Assignment: As an exercise, transcribe the data below in full and exactly, omitting pictures.

Raw data:
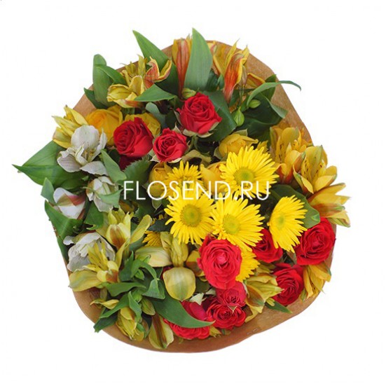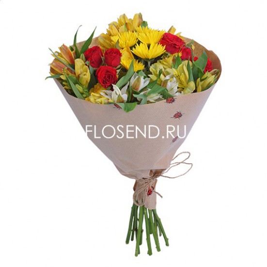 Букет из хризантем и кустовой розы и альстромерий в Ханты-Мансийске
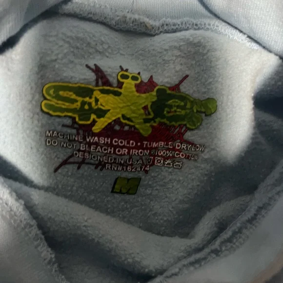 baby blue sp5der hoodie w/rhinestones, size M, looking for offers. PRICES ARE NEGOTIONABLE
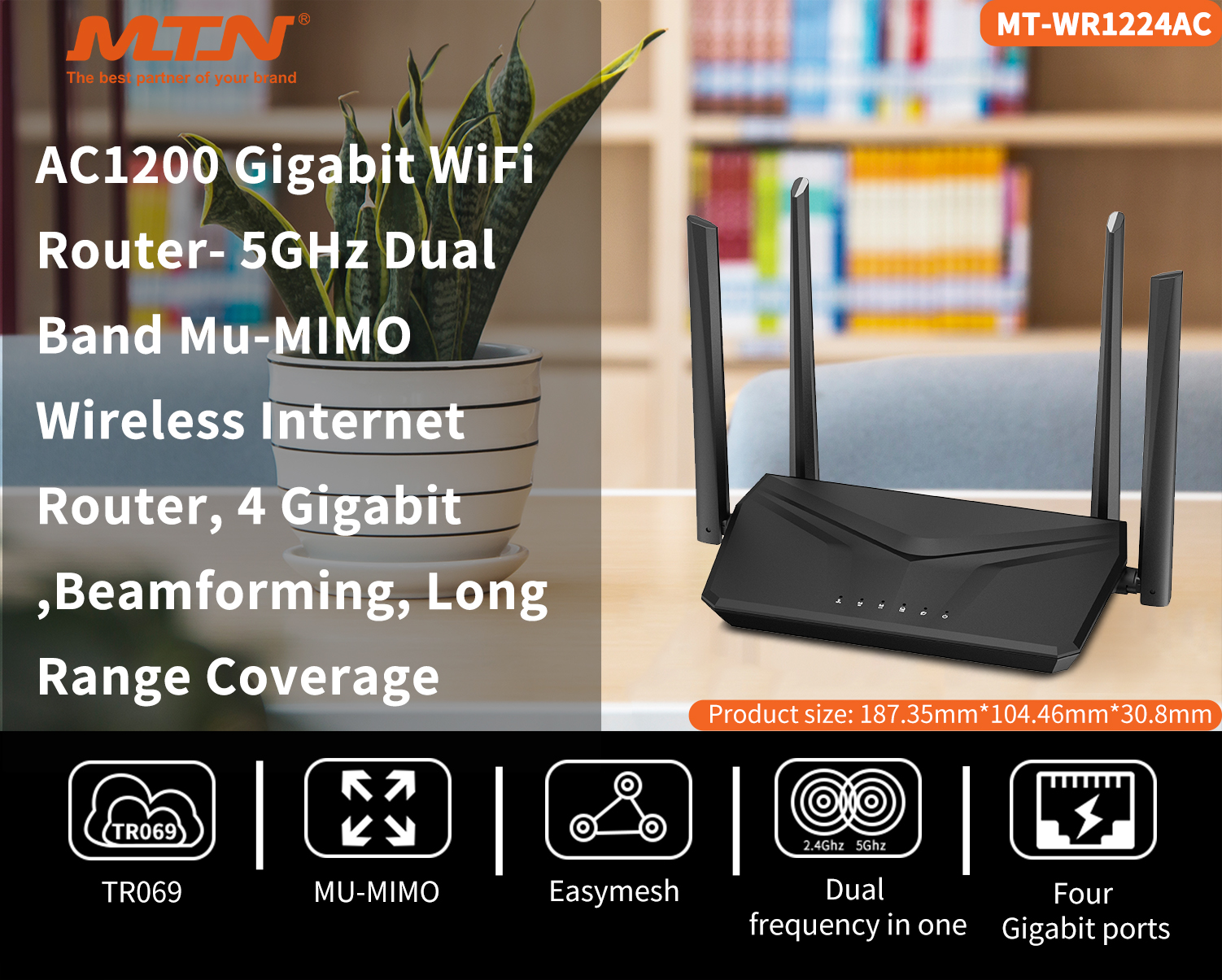 WiFi 5 1200Mbps 11AC dual-band wireless broadband router

Result for this exercise:
 Букет из хризантем и кустовой розы и альстромерий в Ханты-Мансийске
 baby blue sp5der hoodie w/rhinestones, size M, looking for offers. PRICES ARE NEGOTIONABLE
 WiFi 5 1200Mbps 11AC dual-band wireless broadband router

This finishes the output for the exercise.